◆ **The task**: Transcribe all of the records word for word, please, omitting the pictures.

(Dataset entries)

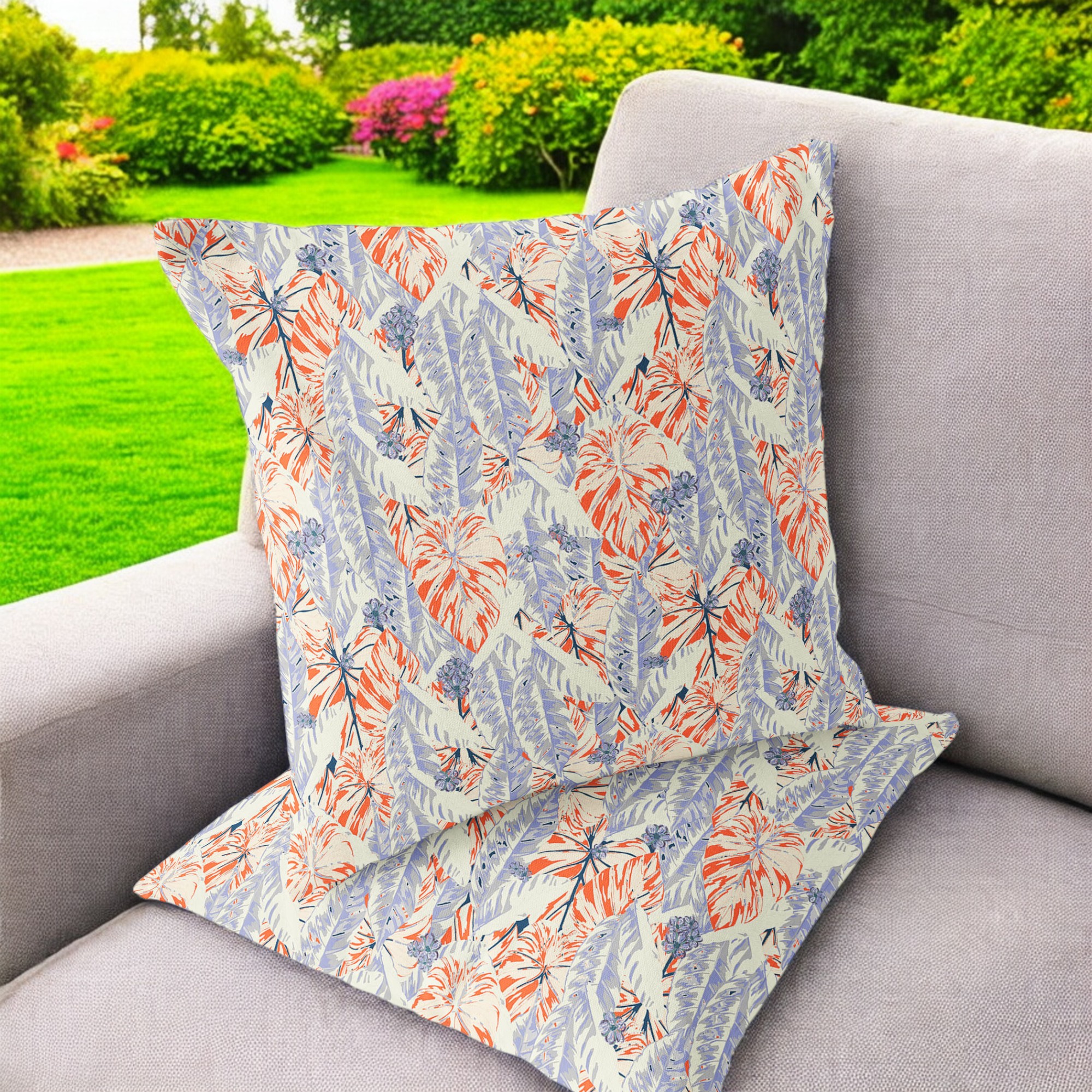 Set of Two Orange Botanical Indoor Outdoor Throw Pillow
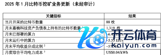 新浪科技讯 2月19日晚间音讯九游体育app娱乐,本日,嘉楠科技发布了落幕2025年1月31日未经审计的比特币挖矿业务月度更新信息。
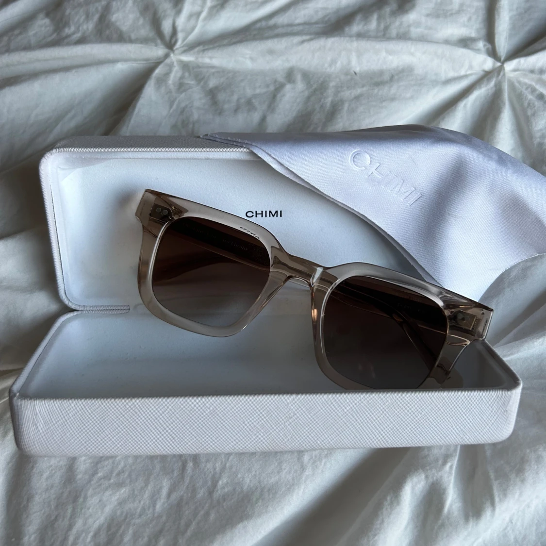 Säljer mina chimi glasögon som är i färgen 04 ecru. Glasögonen är knappt använda därav priset. Hör av dig om du vill ha fler bilder. Fodralet och putsduk o lådan den kom i medkommer!!🫶🏽 Pris kan diskuteras
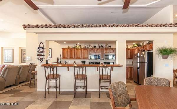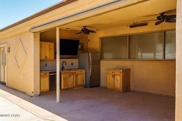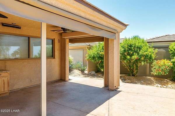 Welcome to Havasu RV Resort-Lake Havasu's premier gated community offering lush landscaped grounds and outstanding amenities. Settle into lot 336 with its updated casita featuring a stylish 3/4 bath, washer, dryer, water softener, tile floors, mini split, and flexible space for relaxing or entertaining. Outdoor living shines in the covered ramada with new granite counters, abundant cabinets, large screen TV, fridge, heaters and motorized shades for year-round comfort. Enjoy two sparkling pools, two clubhouses, fitness center, dog park and an active social schedule. This deeded lot promises luxury, community, and fun-your perfect desert retreat awaits.
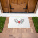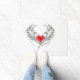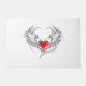 Coeur rouge peint de façon artistique avec ailes d'ange gris, décoré de contour lisse noir.
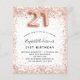 For an elegant 21st birthday. A white background. Decorated with rose gold, pink faux glitter, sparkles. Personalise and add a name, and party details. The name is written with a hand lettered style script, number 21 with balloon style fonts.
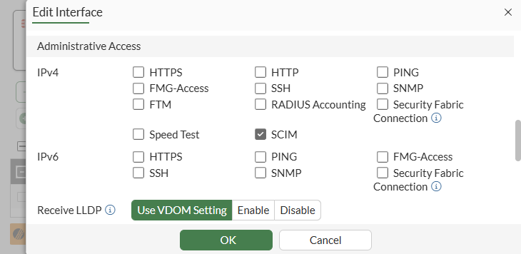 Allow SCIM access on an interface:
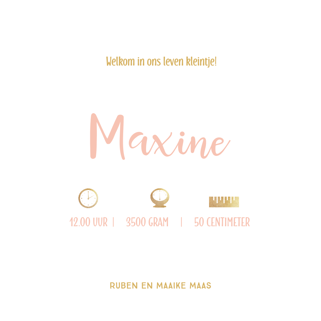 Een lief en hip kaartje voor jullie dochter met watercolour en trendy goudlook details. In de editor kun je de watercolour omkleuren. Maak je kaartje uniek.
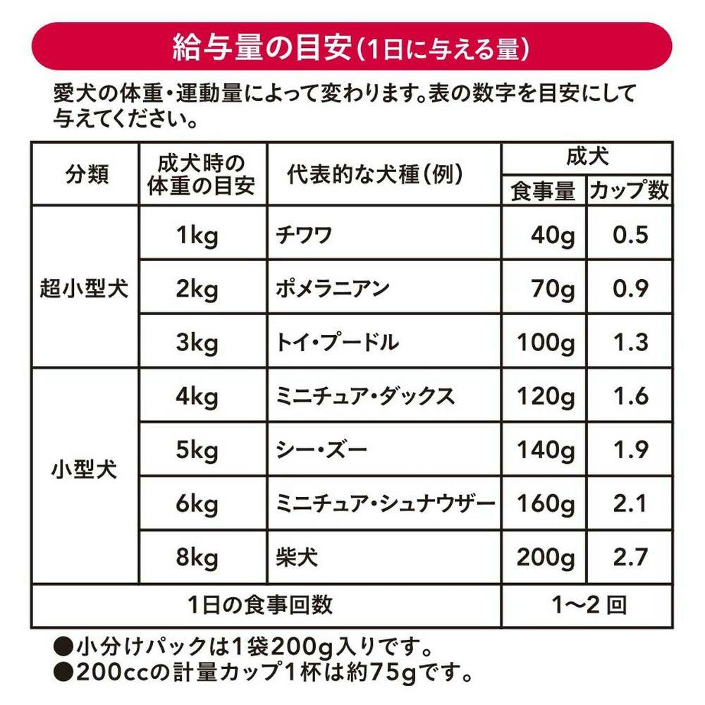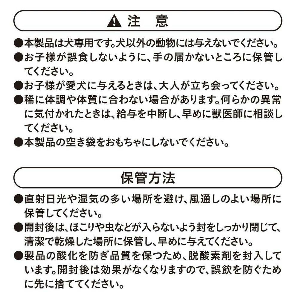 たんぱく質17.0%以上、脂質12.0%以上、粗繊維5.0%以下、灰分7.5%以下、水分24.0%以下、カルシウム0.8%以上、リン0.6%以上
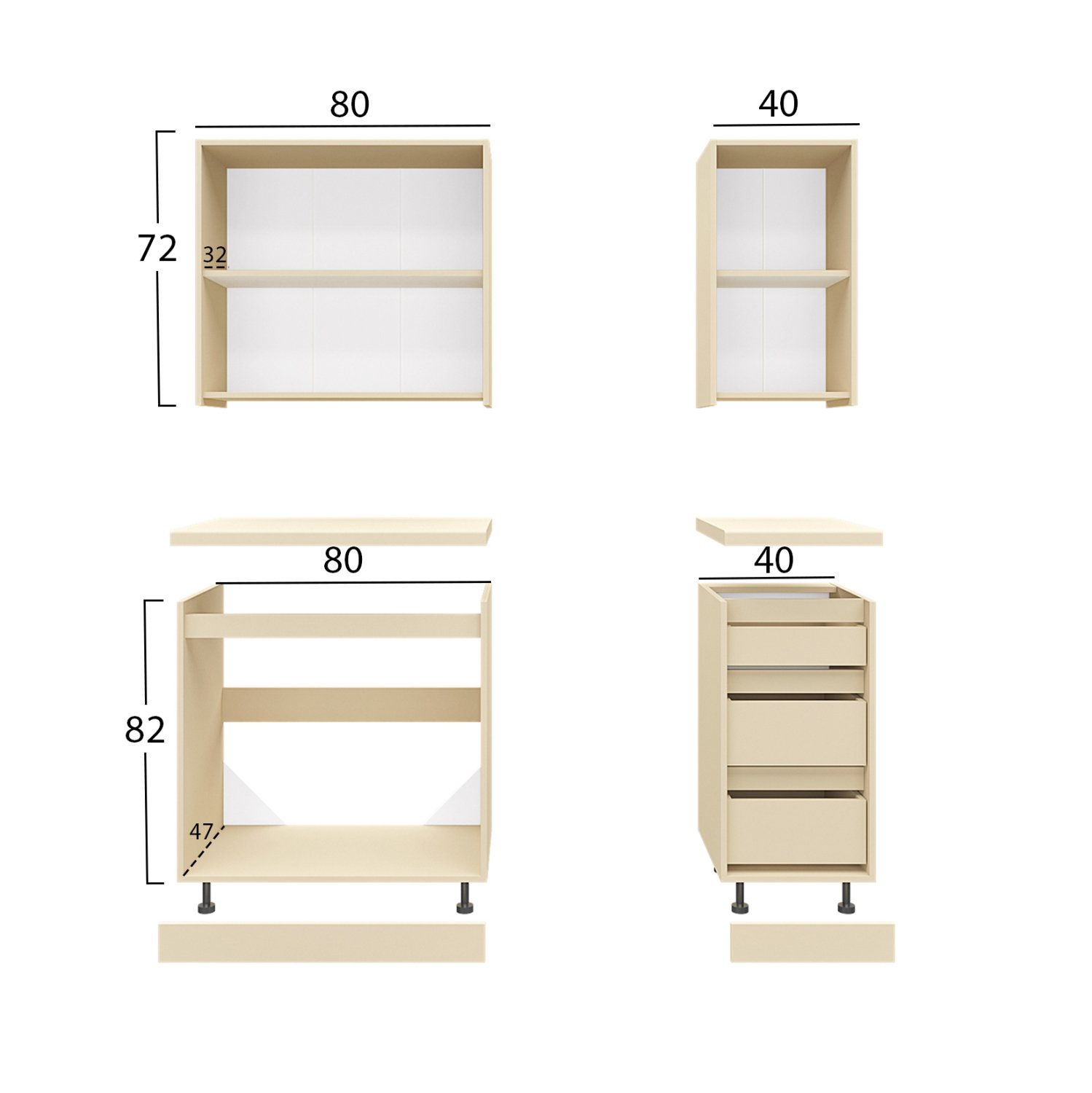 Το κύριο υλικό κατασκευής της κουζίνας είναι η εξαιρετικής ποιότητας μελαμίνη με πάχος 16 χιλιοστά. Η μελαμίνη είναι είδος ξύλου σε μορφή μοριοσανίδας. Οι μοριοσανίδες είναι προϊόντα που έχουν τη μορφή πλάκας (panel) και προέρχονται από τη συγκόλληση μέσω πρεσσαρίσματος, μικρών σε διαστάσεις τεμαχιδίων ξύλου (συνήθως ελάτης, οξιάς, ερυθρελάτης, κτλ) με την βοήθεια διάφορων ρητινούχων υγρών. Έπειτα, η μοριοσανίδα επενδύεται, συνήθως με συνθετικά υλικά, όπως φύλλα χαρτιού (μελαμίνες). Ως υλικό είναι πολύ ανθεκτικό και με μεγάλη σκληρότητα. Άρα, πρόκειται για ένα συνθετικό υλικό με πολύ σκληρή επιφάνεια, με αποτέλεσμα να είναι πολύ ανθεκτική στις γρατζουνιές, στην τριβή και τους λεκέδες.
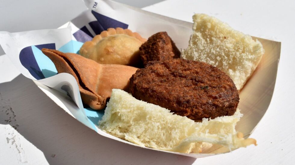 A steady afternoon stream of customers sidled up to the Flippin’ Fish Shack counter, which also listed copi rangoon, sliders and empanadas on the menu.
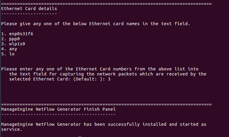 - インストール キーを確認し、NetFlow Analyzerサーバーとの通信が確立すると、イーサネット カード詳細が表示されます。表示される選択肢から、ネットワーク パケットのキャプチャに使うイーサネット カードの番号を選択・入力してください。これによってインストールが完了し、NetFlow Generatorはサービスとして稼働を始めます。
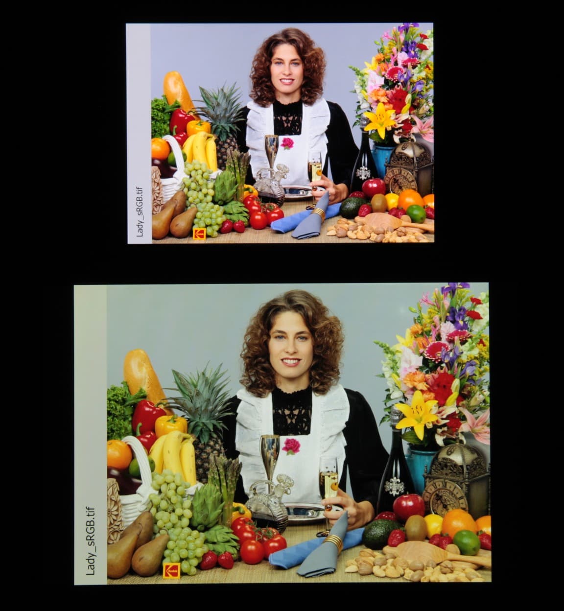 Цвета на экране смартфона перенасыщены (обратите внимание на помидоры, бананы, салфетку и оттенок лица), а цветовой баланс заметно отличается. Напомним, что фотография не может служить надежным источником сведений о качестве цветопередачи и приводится только для условной наглядной иллюстрации. В частности, выраженный красноватый оттенок белого и серого полей, присутствующий на фотографиях экрана смартфона, при перпендикулярном взгляде визуально отсутствует, что подтверждается аппаратными тестами с помощью спектрофотометра. Причина в том, что спектральная чувствительность матрицы фотоаппарата неточно совпадает с этой характеристикой человеческого зрения.
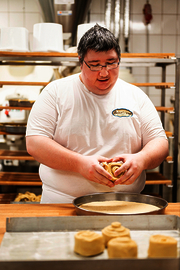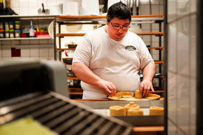 Marc Mölkner, dessen Vater selbst Bäcker ist, wusste schon als Kind, dass er gern in einer Bäckerei arbeiten möchte. Aufgrund seiner Schwerbehinderung fielen ihm Schule und Ausbildung aber nicht leicht: "Fachmathematik war wichtig, das konnte ich nicht gut. Die Theorieprüfung habe ich am Ende nicht bestanden." Die Begeisterung fürs Backen, Sorgfalt, Genauigkeit, Lernbereitschaft und körperliche Belastbarkeit – diese Voraussetzungen bringt der junge Mann für den Beruf aber mit.

◆ **Response to the task**:
 Set of Two Orange Botanical Indoor Outdoor Throw Pillow
 新浪科技讯 2月19日晚间音讯九游体育app娱乐,本日,嘉楠科技发布了落幕2025年1月31日未经审计的比特币挖矿业务月度更新信息。
 Säljer mina chimi glasögon som är i färgen 04 ecru. Glasögonen är knappt använda därav priset. Hör av dig om du vill ha fler bilder. Fodralet och putsduk o lådan den kom i medkommer!!🫶🏽 Pris kan diskuteras
 Welcome to Havasu RV Resort-Lake Havasu's premier gated community offering lush landscaped grounds and outstanding amenities. Settle into lot 336 with its updated casita featuring a stylish 3/4 bath, washer, dryer, water softener, tile floors, mini split, and flexible space for relaxing or entertaining. Outdoor living shines in the covered ramada with new granite counters, abundant cabinets, large screen TV, fridge, heaters and motorized shades for year-round comfort. Enjoy two sparkling pools, two clubhouses, fitness center, dog park and an active social schedule. This deeded lot promises luxury, community, and fun-your perfect desert retreat awaits.
 Coeur rouge peint de façon artistique avec ailes d'ange gris, décoré de contour lisse noir.
 For an elegant 21st birthday. A white background. Decorated with rose gold, pink faux glitter, sparkles. Personalise and add a name, and party details. The name is written with a hand lettered style script, number 21 with balloon style fonts.
 Allow SCIM access on an interface:
 Een lief en hip kaartje voor jullie dochter met watercolour en trendy goudlook details. In de editor kun je de watercolour omkleuren. Maak je kaartje uniek.
 たんぱく質17.0%以上、脂質12.0%以上、粗繊維5.0%以下、灰分7.5%以下、水分24.0%以下、カルシウム0.8%以上、リン0.6%以上
 Το κύριο υλικό κατασκευής της κουζίνας είναι η εξαιρετικής ποιότητας μελαμίνη με πάχος 16 χιλιοστά. Η μελαμίνη είναι είδος ξύλου σε μορφή μοριοσανίδας. Οι μοριοσανίδες είναι προϊόντα που έχουν τη μορφή πλάκας (panel) και προέρχονται από τη συγκόλληση μέσω πρεσσαρίσματος, μικρών σε διαστάσεις τεμαχιδίων ξύλου (συνήθως ελάτης, οξιάς, ερυθρελάτης, κτλ) με την βοήθεια διάφορων ρητινούχων υγρών. Έπειτα, η μοριοσανίδα επενδύεται, συνήθως με συνθετικά υλικά, όπως φύλλα χαρτιού (μελαμίνες). Ως υλικό είναι πολύ ανθεκτικό και με μεγάλη σκληρότητα. Άρα, πρόκειται για ένα συνθετικό υλικό με πολύ σκληρή επιφάνεια, με αποτέλεσμα να είναι πολύ ανθεκτική στις γρατζουνιές, στην τριβή και τους λεκέδες.
 A steady afternoon stream of customers sidled up to the Flippin’ Fish Shack counter, which also listed copi rangoon, sliders and empanadas on the menu.
 - インストール キーを確認し、NetFlow Analyzerサーバーとの通信が確立すると、イーサネット カード詳細が表示されます。表示される選択肢から、ネットワーク パケットのキャプチャに使うイーサネット カードの番号を選択・入力してください。これによってインストールが完了し、NetFlow Generatorはサービスとして稼働を始めます。
 Цвета на экране смартфона перенасыщены (обратите внимание на помидоры, бананы, салфетку и оттенок лица), а цветовой баланс заметно отличается. Напомним, что фотография не может служить надежным источником сведений о качестве цветопередачи и приводится только для условной наглядной иллюстрации. В частности, выраженный красноватый оттенок белого и серого полей, присутствующий на фотографиях экрана смартфона, при перпендикулярном взгляде визуально отсутствует, что подтверждается аппаратными тестами с помощью спектрофотометра. Причина в том, что спектральная чувствительность матрицы фотоаппарата неточно совпадает с этой характеристикой человеческого зрения.
 Marc Mölkner, dessen Vater selbst Bäcker ist, wusste schon als Kind, dass er gern in einer Bäckerei arbeiten möchte. Aufgrund seiner Schwerbehinderung fielen ihm Schule und Ausbildung aber nicht leicht: "Fachmathematik war wichtig, das konnte ich nicht gut. Die Theorieprüfung habe ich am Ende nicht bestanden." Die Begeisterung fürs Backen, Sorgfalt, Genauigkeit, Lernbereitschaft und körperliche Belastbarkeit – diese Voraussetzungen bringt der junge Mann für den Beruf aber mit.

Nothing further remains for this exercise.